Экуй и сам не понимал, почему так нервничает. Подслушанные разговоры между Кошоном и герцогом Бургундским, кое-что замеченное в Пуатье, намёки Рене во время совместного пути, и вся эта таинственность, казались ему легким ветерком, развевающим полог, за которым было скрыто нечто огромное, пугающее. Он вдруг поймал себя на мысли, что предпочёл бы просто выполнять то, что от него потребуют, не вникая в детали, но вдохновляя себя простой мыслью, что просто мешает Кошону. Тайна, которую предстояло узнать, как ему казалось, окончательно сорвёт этот спасительный покров и запросто доломает уже надломленное. Но придёт ли что-нибудь взамен – ещё вопрос…
– Давайте к делу, ваша светлость, – тихо пробормотал Экуй, когда отмалчиваться стало уже совсем неучтиво. – Я боюсь только одного – не справиться.
– Совсем не стыдный страх, – без усмешки заметил Рене. – Но, к делу, так к делу.
Молодой человек взял со скамьи прямоугольный кожаный свёрток и, вытащив ремешок из петель, положил его, развёрнутый, на стол перед Экуем. Внутри оказалась дощечка с прикреплёнными к ней письмами для коменданта крепости Вокулёр, в которых, неизвестные Экую люди, расписывали мессиру де Бодрикур таланты «цирюльника Гийома», заверяя, что лучшего он в эти тяжкие времена вряд ли найдёт.
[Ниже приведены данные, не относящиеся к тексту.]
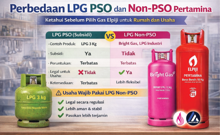 Masih banyak masyarakat dan pelaku usaha yang bingung membedakan LPG PSO (Public Service Obligation) dan LPG Non-PSO Pertamina. Padahal, pemilihan jenis LPG yang tepat sangat berpengaruh terhadap legalitas penggunaan, keamanan, serta kelancaran distribusi gas.
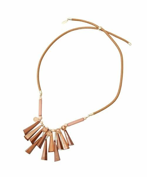 顔まわりに華やぎを与えるデザインネックレス。様々な形状の樹脂パーツやカラーリングを組み合わせた動きのあるデザインが特徴です。金属アレルギーの方にも嬉しい、合皮くるみ紐のしなやかな優しい肌当たりもポイント。同系色でまとめた上品な装いと自在に長さアレンジができるエンドパーツで、シーンを選ばず幅広いスタイルでお楽しみ頂けます。※アクセサリーパーツ・部品などの金属部分に鉛が含まれている場合があります。小さなお子様が口に入れたり誤って飲み込んだりしないように、使用や保管の際は厳重にご注意ください。
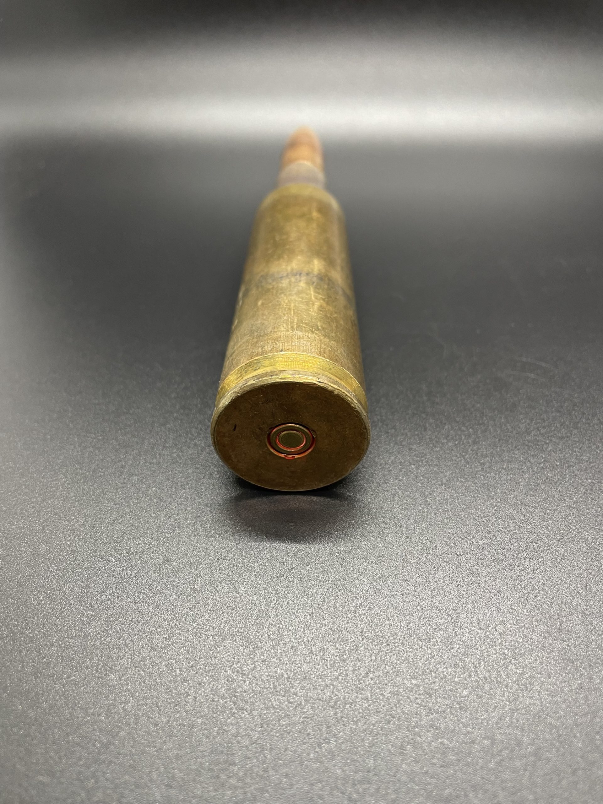 60 Caliber Ball T80 Single crimp round. Lot FA38. These rounds were made by Frankfort Arsenal for the M39 Revolver cannon on Korean Aircraft.
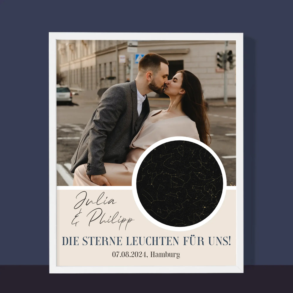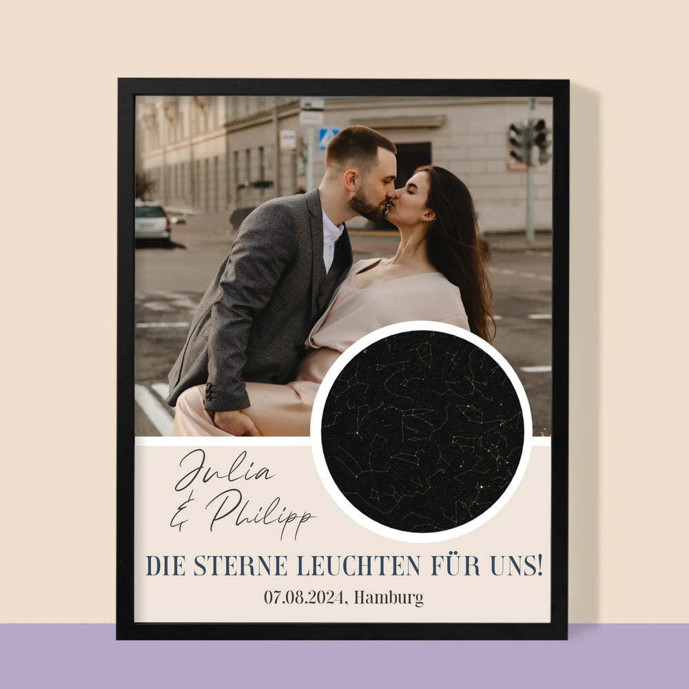 Sternkarte: Die Sterne Leuchten Für Uns - Druck mit Rahmen - Vertikal
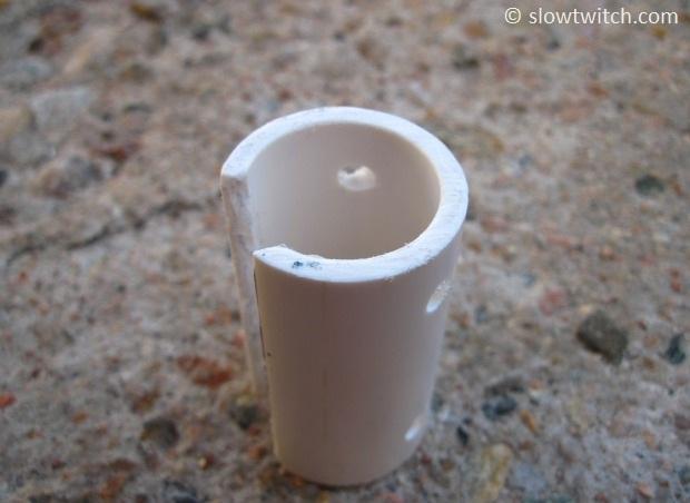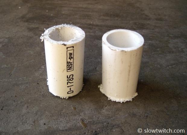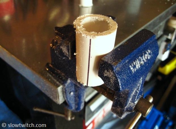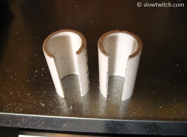 To begin, you’ll need some PVC pipe. I’m using the same 32mm outside diameter tubing that I used for the aerobar accessory mount (most common round posts range from 27 to 35mm in diameter). You can cut the pipe as long or short as you need; I found about 7cm to be sufficient.
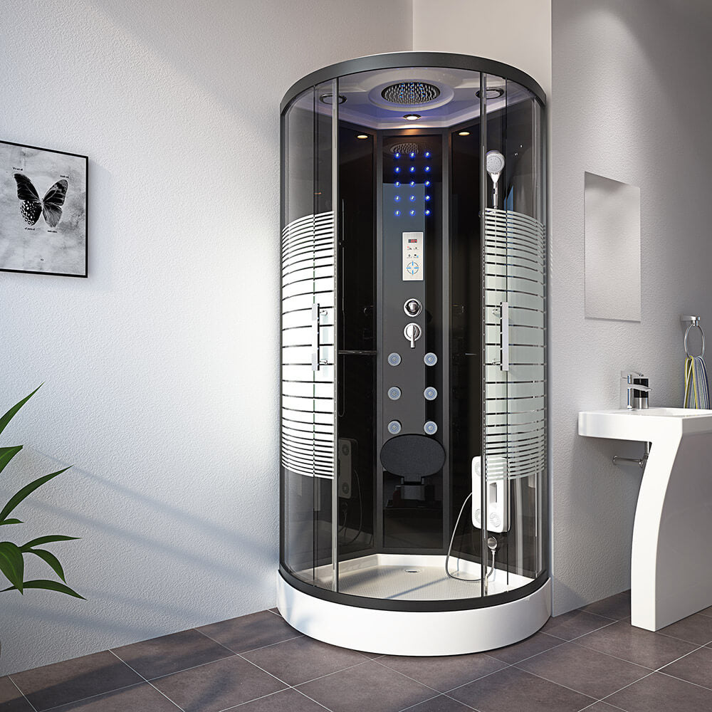 Dampfdusche mit Wasserfall Dampfsauna MANTA BLACK L, 100x100x220cm
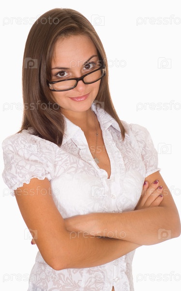 Привлекательная девушка в очках и белой блузке на белом фоне
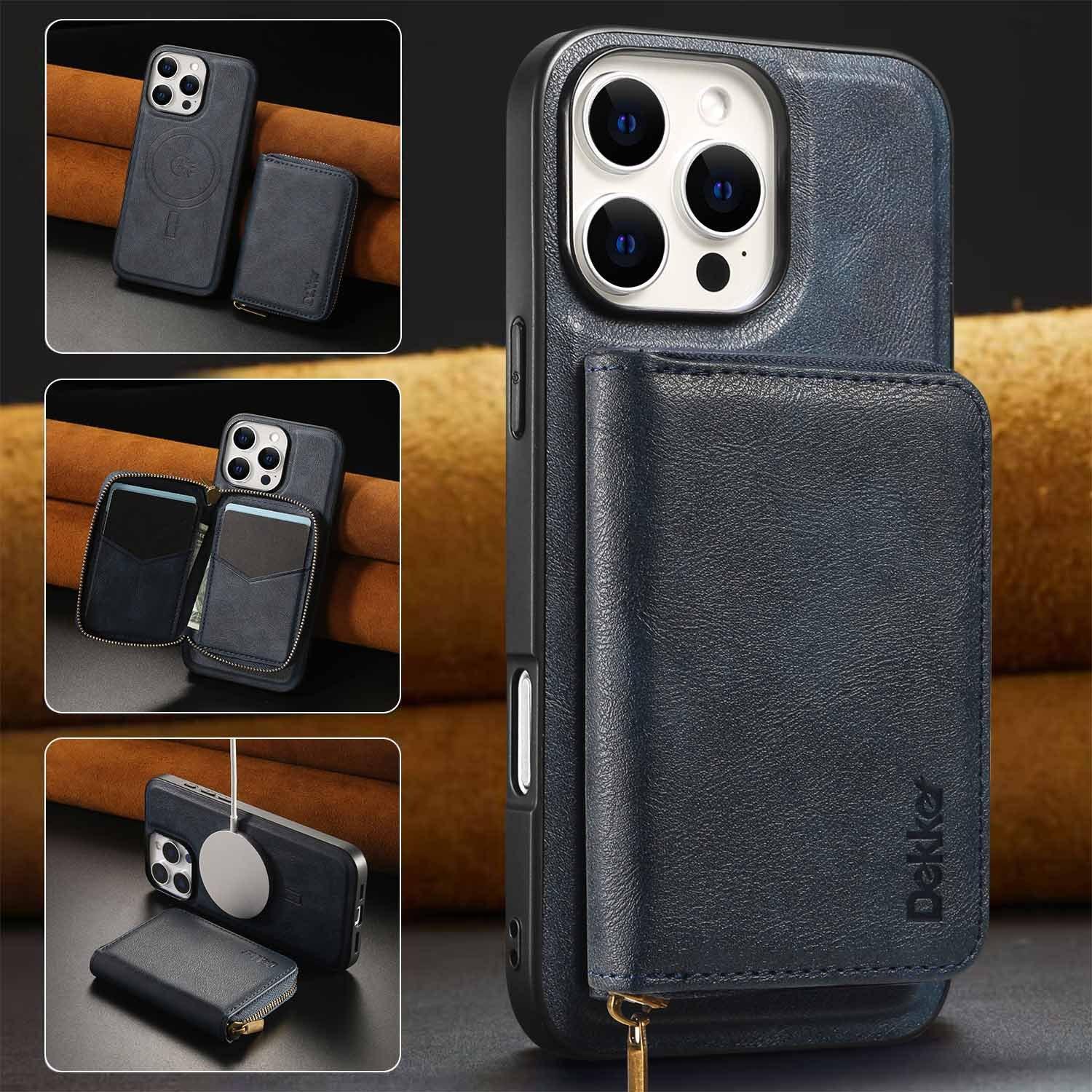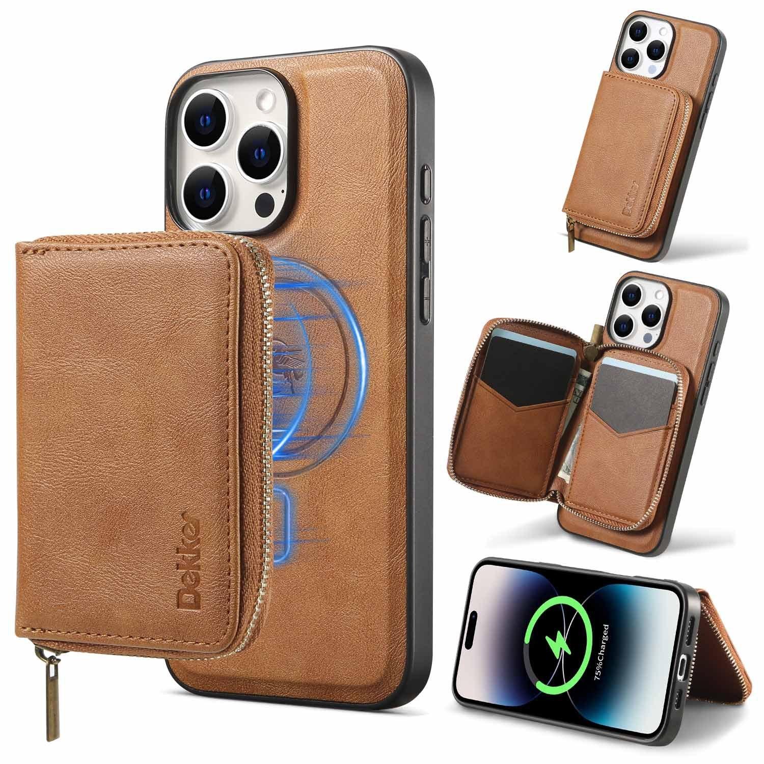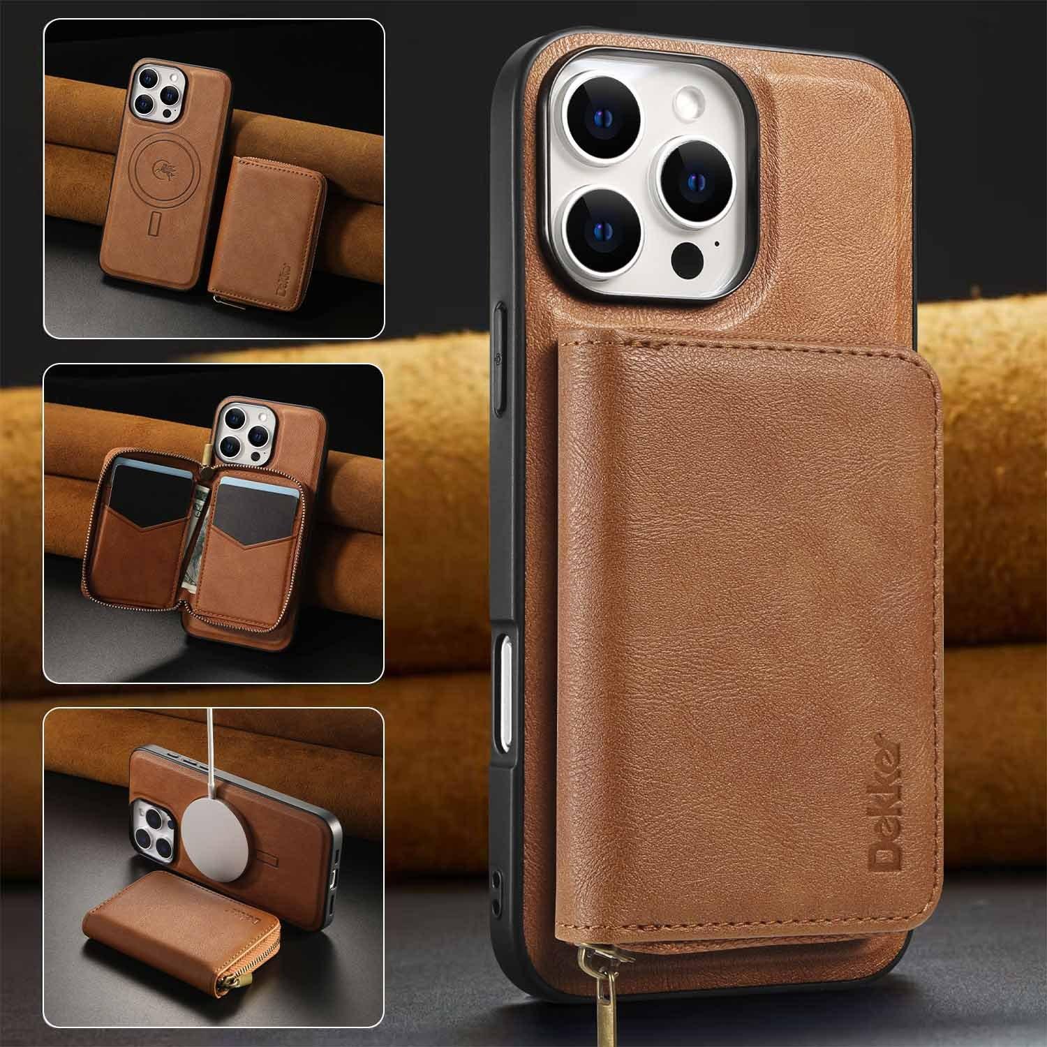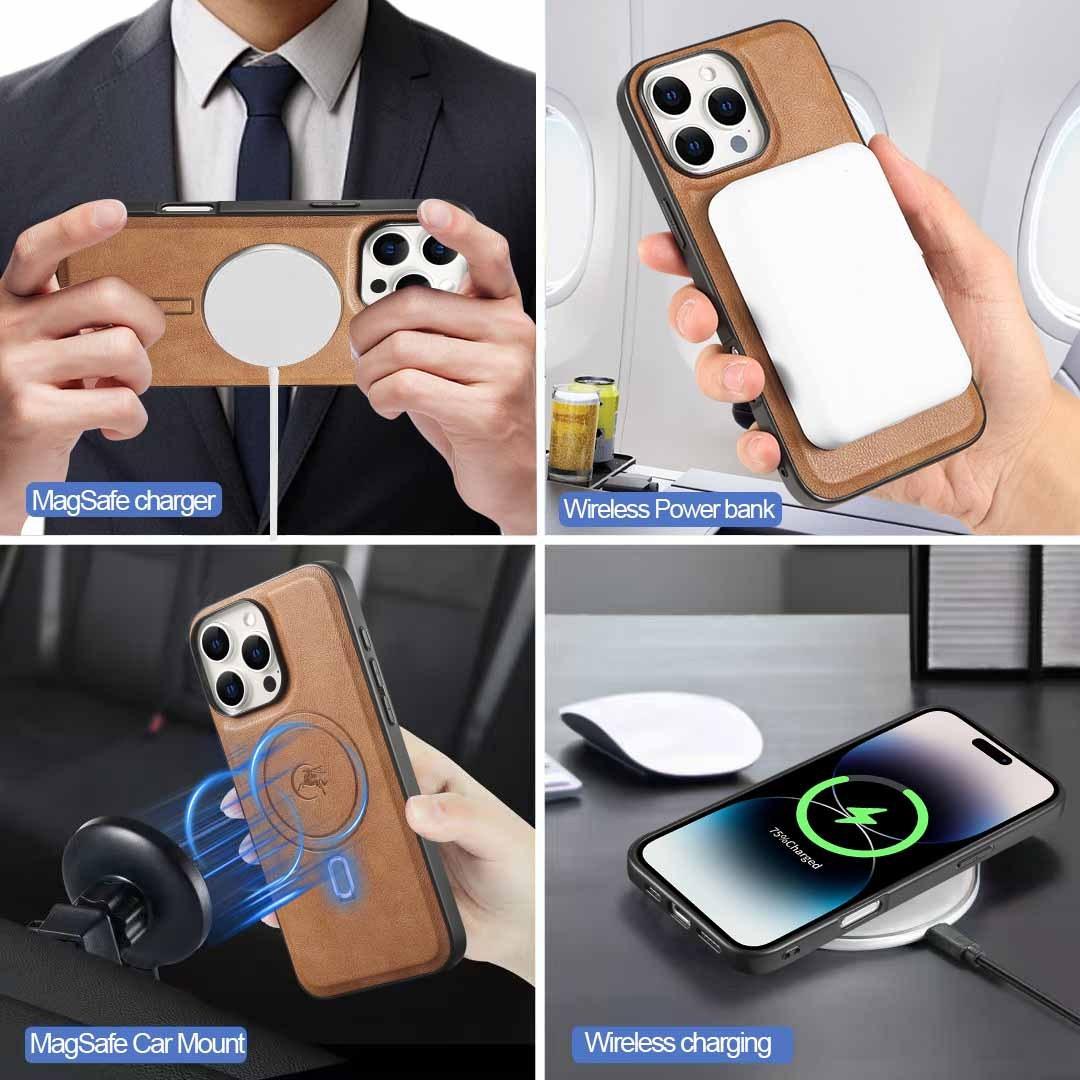 For iPhone 16ProMax 16 15 14 13 12 Leather Phone Case with Strong Magnetic Wallet, Anti-Fall Card Bag Kickstand for Magsafe Shockproof Business Hard Full Cover

– Что это значит? – спросил монах.
– Это значит, что прежний цирюльник господина Бодрикура, якобы, напуганный осадой, покинул крепость, и рыцарь ищет нового, потому что страдает зубными болями и потливостью, отчего часты раздражения на шее из-за отрастающих волос. Эти письма – ваши рекомендации… Можете не волноваться, люди, которые их написали, в любой момент лично подтвердят каждое написанное слово, но, уверен, это не потребуется. Насколько я знаю господина де Бодрикур, он не слишком привередлив в отношении своей внешности, зато терпеть не может зубную боль. Вы хорошо себя проявите, если, в первый же день своей службы, дадите ему это…
Рене вытащил из-под ворота камзола длинный шнурок, на котором висел узкий флакон, длиной в половину ладони.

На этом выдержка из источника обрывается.